I remember listening to the song after a break up one night and crying, not even because of that person, but because of the fact that the lyrics described exactly how I felt.  Today I found this letter and was encouraged to share it with my readers. 

For so long I thought I wasn’t worthy of love. I kept thinking, oh, make them run.  I will only hurt you. You will fall in love and I will break your heart because that’s what I do. I will bend over backwards. I will be and do and say everything you want and you will love me. A black widow,  I will then tire of you, push you away, gasping for air and needing room to breathe. You will grasp on tighter and I will turn.  I will freeze over like the ice queen and you will cry and beg for the person you first met. You will clutch on, cling and it will feed my ego for a short time, but then I will grow bored of you. Maybe that’s not the case. Maybe I will be thrilled with the idea of love. The idea of saving or fixing you. A love of nurturing you. But you cannot fill my needs and once I realize this I will let go. Maybe I was settling. Maybe I was looking for the wrong things. I no longer see this. I no longer feel the need to impress. I am me. I am loving. I am nurturing. I’m an amazing woman. I no longer feel the need to prove myself. No longer need your acceptance. I need to be more than what you need me to be. I need to be free. I need adventure. Room to grow, to feel, to love, to explore, to breathe and to fly.  In time and in space. To change. To nurture me. But thank you all for the journey. For the lessons along the way. To teach me who I really am. A warrior woman with strength. I finally realized I am too strong and you never could have battled me.
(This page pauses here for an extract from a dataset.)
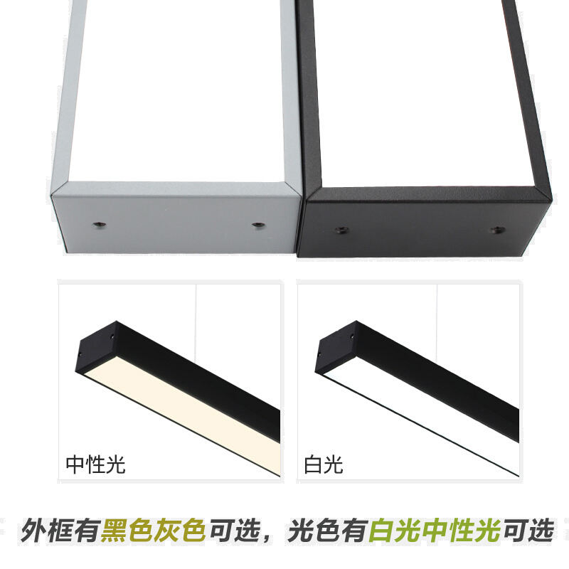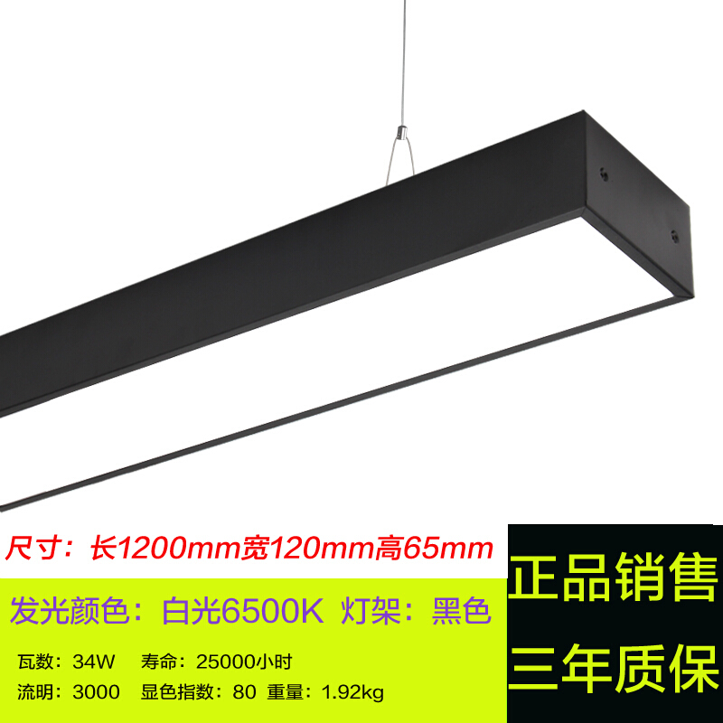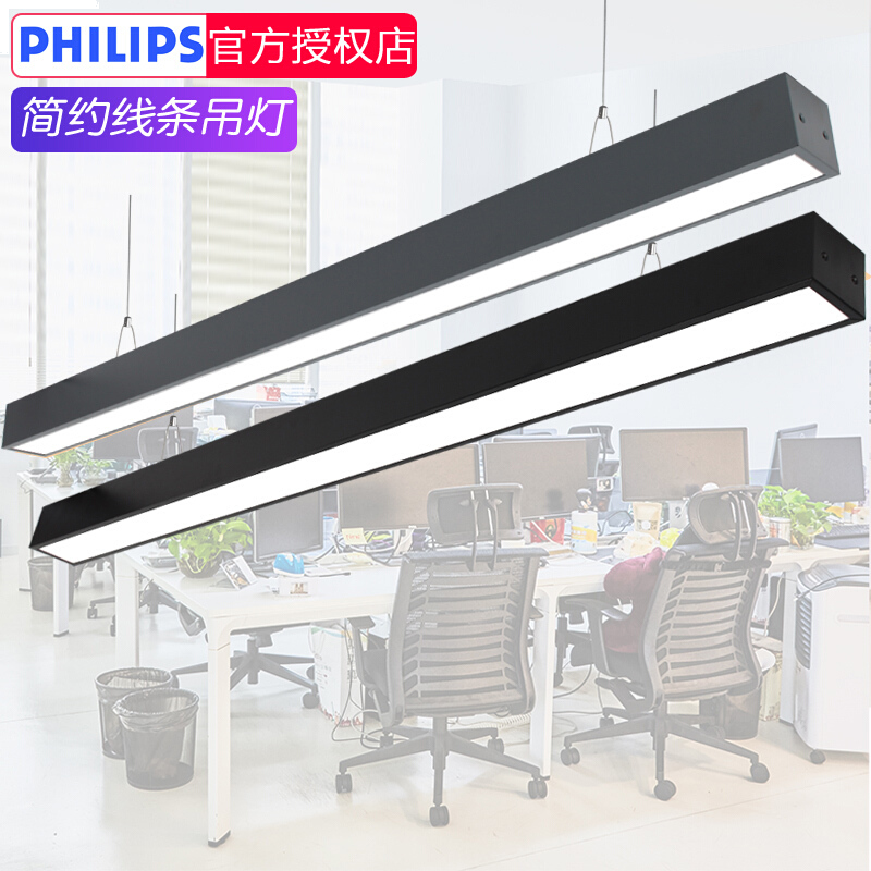 飞利浦办公室吊灯LED简约现代led长条教室会议室长方形灯具灯饰写字楼吊线灯商业照明办公楼书房铝材灯 【黑框宽款】1.2米中性光4000K

I continue to write my letters, to encourage myself of the need to let go of perfection. Because I am slowly realizing my biggest flaw is nothing more than trying to be perfect.

My Truth

Do you ever find something you wrote a long time ago and amaze yourself with how smart you were?  Sometimes I think we need to remind ourselves how much we really know.  Many times we know the answers to the questions we are asking but ignore them because they aren’t the answers we want. 

Truth. Honesty.  It’s amazing how speaking the truth does so much for one’s well being.  Being honest with yourself.  That is the key.  Why do we lie to ourselves?  Sometimes we are even afraid of our own truth.  Amazing.  Once we begin being truly honest with ourselves can we open up and allow the truth to flow around us.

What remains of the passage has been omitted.